As long as the prevailing culture in America's board rooms mirrors AIG and the auto industry, then the government can throw all the money it likes at the problem and nothing will change. Nothing will improve and we will be treated to an endless parade of millionaire executives mounting the steps of Capital Hill, hat in hand, to beg for more and more taxpayer money. How does this help us? How does it make things easier for small businesses? How does this save the economy?

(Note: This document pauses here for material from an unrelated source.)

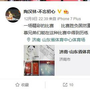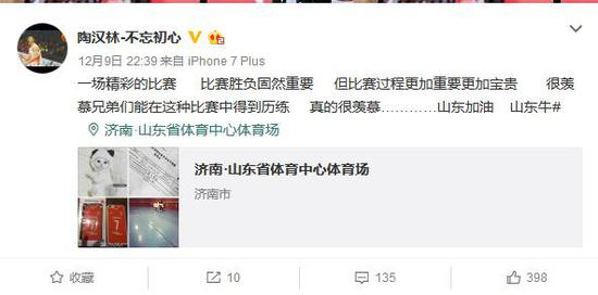 在看了昨晚这场精彩的比赛后,陶汉林在微博上这样写到:一场精彩的比赛,比赛胜负固然重要,但比赛过程更加重要更加宝贵,很羡慕兄弟们能在这种比赛中得到历练,真的很羡慕......山东加油,山东牛。

It doesn't, it doesn't and it doesn't, and yet no one in government seems perturbed by that little fact. There are two ways of proceeding as far as I can see it. We can allow our government to continue along this path, which will quickly move to buying up assets as history begins to repeat itself, or we should allow the market to correct itself, accept the pain and the lesson that goes along with it. One way and the government controls the economy and we know what that is called. The other way, the economy takes care of itself and comes out stronger. Either way, people will be hurt. It is merely a question of how badly and for how long. If you let the economy right itself, the pain will be intense but short, like a bad shot. Let the government run things, its like an untreated toothache, not as intense but long lasting.
I prefer the shot, and I would prefer it from someone who actually has an educated plan and a little creativity where it comes to fixing the economy.
Oh, and if they go ahead with the $7.4 trillion, then I would like my $24,000 in gold. You never know.